Теперь, оставаясь в устойчивой позе, нужно качнуть «сознание» — психический образ своего «я», выбивая себя из физического равновесия, пытаясь сбить с реальных ног.
Учили же в храме? Значит, потенциально должно получиться.
Трудность в том, что образ «я» в моей голове не равен реальному телу из мяса. Зато я могу не только представить его, но и ощутить.
А потом качнуть его мысленно. Словно через вертикаль моего тела проходит отвес гигантского маятника.
Я пропускаю маятник сквозь себя. Он раскачивается и захватывает сознание.
Это тяжело, меня начинает тошнить, как при перегрузках.
Но торопиться нельзя.
Теперь нужно найти точку равновесия образа тела. Она выше центра физического равновесия и лежит, как правило, на высоте сердца, но правее середины грудной кости. На палец или на два.
Вот только у меня точка равновесия сознания давно уже на ладонь левее, чем ей положено. Почти над сердцем.
И это мне уже не больно и не страшно, как бывало поначалу во время случайных её соскальзываний.
Я привык к «левому» миру. И химеры практичного мира «правшей» уже не играют мной в свои игры.
Статус, самая страшная из них, вызывает лишь хмурое раздражение.
Бог Статус, заставляющий прочих окружать себя вещами ненужными, но подчёркивающими место среди других.
Нелепая в своей роскоши одежда, ненужные вещи, делающие двуногое больным и праздным, неполезная еда, тошнотворное окружение из таких же статусозависимых, инкрустированное оружие, тупые ординарцы…
Я счастлив не иметь положенных мне по чину почестей, прихлебателей и слуг.
Можешь считать, что я сумасшедший. Меня не волнует то, что волнует тебя.
Мир я вижу иначе. Потому что тот угол, под которым ты видишь реальный мир, диктуется только твоим восприятием, а восприятие — напрямую зависит от развитости сознания.
Маркер этой развитости — точка равновесия, которую я сейчас ищу.

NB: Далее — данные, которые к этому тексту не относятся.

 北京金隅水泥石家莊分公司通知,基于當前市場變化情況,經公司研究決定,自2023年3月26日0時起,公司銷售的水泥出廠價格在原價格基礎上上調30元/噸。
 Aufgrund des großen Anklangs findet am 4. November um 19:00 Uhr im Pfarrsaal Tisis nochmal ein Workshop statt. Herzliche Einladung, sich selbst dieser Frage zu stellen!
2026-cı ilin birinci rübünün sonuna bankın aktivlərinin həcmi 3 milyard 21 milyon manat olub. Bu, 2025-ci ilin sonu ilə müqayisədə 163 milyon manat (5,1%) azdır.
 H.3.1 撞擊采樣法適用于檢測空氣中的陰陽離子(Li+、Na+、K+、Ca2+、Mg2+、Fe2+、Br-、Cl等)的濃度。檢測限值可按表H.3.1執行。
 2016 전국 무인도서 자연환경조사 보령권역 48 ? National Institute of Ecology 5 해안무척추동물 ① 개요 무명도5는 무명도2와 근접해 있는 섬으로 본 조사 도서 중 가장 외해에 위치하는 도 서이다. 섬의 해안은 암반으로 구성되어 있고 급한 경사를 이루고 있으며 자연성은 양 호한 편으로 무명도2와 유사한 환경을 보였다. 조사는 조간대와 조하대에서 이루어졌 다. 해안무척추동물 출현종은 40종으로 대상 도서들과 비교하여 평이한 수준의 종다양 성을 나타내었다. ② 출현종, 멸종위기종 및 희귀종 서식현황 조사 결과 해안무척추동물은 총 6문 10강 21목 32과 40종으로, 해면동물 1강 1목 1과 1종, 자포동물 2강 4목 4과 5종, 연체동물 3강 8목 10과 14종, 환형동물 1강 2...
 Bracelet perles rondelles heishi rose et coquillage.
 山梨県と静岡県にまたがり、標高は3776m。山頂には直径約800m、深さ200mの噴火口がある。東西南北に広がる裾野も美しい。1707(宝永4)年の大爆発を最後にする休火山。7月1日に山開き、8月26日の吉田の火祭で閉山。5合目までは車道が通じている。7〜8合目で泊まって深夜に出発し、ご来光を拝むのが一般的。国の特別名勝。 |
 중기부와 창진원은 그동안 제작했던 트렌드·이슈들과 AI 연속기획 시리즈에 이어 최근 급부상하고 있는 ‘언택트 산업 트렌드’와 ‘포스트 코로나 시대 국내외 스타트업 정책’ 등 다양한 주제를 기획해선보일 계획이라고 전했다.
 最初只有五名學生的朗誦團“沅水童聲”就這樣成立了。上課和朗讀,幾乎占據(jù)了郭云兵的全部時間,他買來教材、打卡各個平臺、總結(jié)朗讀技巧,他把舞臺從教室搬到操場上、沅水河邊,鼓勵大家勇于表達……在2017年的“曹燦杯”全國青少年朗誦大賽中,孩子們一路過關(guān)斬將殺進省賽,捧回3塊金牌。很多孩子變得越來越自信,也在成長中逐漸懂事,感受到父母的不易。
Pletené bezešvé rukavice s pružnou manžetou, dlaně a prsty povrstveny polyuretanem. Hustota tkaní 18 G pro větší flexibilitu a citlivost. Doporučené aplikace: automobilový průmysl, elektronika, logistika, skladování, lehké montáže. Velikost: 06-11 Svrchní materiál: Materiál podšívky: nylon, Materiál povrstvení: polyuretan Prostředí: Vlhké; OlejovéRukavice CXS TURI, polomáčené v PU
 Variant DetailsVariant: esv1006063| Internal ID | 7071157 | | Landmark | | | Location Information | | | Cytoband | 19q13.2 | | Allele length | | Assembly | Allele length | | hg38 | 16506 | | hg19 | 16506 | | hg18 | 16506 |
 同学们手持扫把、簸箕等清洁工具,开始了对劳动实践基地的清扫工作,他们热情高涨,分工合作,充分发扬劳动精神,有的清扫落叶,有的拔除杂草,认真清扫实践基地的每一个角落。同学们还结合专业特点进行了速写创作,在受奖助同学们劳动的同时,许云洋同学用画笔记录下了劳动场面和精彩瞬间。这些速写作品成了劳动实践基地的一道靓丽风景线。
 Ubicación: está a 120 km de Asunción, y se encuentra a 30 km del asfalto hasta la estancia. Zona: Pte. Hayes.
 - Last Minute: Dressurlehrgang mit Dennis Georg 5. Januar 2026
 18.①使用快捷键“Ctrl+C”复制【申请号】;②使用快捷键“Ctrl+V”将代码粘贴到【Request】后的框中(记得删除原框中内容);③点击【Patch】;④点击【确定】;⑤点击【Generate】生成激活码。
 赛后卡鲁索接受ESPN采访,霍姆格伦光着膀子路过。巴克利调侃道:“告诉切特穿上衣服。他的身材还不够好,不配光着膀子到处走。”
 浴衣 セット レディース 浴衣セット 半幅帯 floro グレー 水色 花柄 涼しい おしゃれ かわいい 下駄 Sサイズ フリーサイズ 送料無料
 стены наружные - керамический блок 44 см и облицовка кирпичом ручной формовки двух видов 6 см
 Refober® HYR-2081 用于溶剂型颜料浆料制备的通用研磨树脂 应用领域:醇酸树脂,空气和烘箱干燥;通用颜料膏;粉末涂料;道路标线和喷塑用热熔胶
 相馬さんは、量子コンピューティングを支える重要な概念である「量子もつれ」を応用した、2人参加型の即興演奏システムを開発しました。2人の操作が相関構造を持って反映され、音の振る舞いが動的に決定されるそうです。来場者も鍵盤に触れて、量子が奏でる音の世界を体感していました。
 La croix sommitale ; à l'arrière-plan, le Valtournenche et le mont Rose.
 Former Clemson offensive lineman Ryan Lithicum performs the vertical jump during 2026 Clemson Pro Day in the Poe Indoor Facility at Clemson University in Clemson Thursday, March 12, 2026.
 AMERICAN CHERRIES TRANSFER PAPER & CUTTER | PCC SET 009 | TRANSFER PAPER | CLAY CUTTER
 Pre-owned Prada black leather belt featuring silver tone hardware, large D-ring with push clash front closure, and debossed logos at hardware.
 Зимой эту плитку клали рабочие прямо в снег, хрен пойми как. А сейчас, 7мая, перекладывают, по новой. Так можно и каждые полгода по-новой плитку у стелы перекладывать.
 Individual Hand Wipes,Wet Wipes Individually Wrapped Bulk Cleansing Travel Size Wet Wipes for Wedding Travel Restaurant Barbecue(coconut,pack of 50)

Её движение изменяет восприятие реального, но нужна она мне сейчас лишь как место приложения силы.
Я не хочу ничего менять в себе. Я хочу «качнуть» сознание, освежить его сцепки с нитями и тенями, глубже ощутить то, что я есть.
Если центр равновесия сознания сильно смещён относительно грудины влево или вправо, сознание перекашивает.
Если вправо — перед нами тот, кто готов изменять мир и себя уже ради самого изменения, течь, как песок сквозь пальцы. Это путь учёных.
Влево — и ты поклонник самобытия каждой пылинки. Веер, раскрытый ветром интуиции.
Вправо — числа и линии, влево — предчувствия и связи. Но, как и в зеркале, жизнь будет вправо, а влево — смерть.
Не ходи за мной.
Обычный человек — глух и к миру мёртвых, и к миру живых связей. Он слышит только себя.
Влево ему больно от чуткости к живому, вправо — он теряет социальный облик.
Теперь осторожно.
Вытягиваю восприятие из стазиса, раскачиваю точку истинного равновесия, превращая сознание в маятник.
Сначала, на паузе дыхания, собираюсь в едином усилии, чтобы сместить проекцию точки назад и устремиться вперёд вместе с выдохом.
Странное и страшное усилие, пьющее сердечные токи.
Всё в груди замирает, тянет запоздалой болью, но инерция уже гонит маятник.
И… ещё раз. Назад, выдох… И уже легче.
Амплитуда растёт, сознание расширяется, «я» покидаю корабль, выплёскиваясь в пространство. Раскачиваюсь, сливаясь с ним.
В эти минуты я — это и есть Вселенная.
Маятник бросает «меня» в бездну вакуума. Дыхание становится поверхностным: миг, и я уже не понимаю, дышу ли вообще?
«Персефона» вибрирует, готовая нестись вместе со мной. Это моё изменившееся личное время выливается в реал предстартовой дрожью.
Скоро, девочка, скоро. Пространство не может быть пределом для сознания. Все пределы лежат внутри нас.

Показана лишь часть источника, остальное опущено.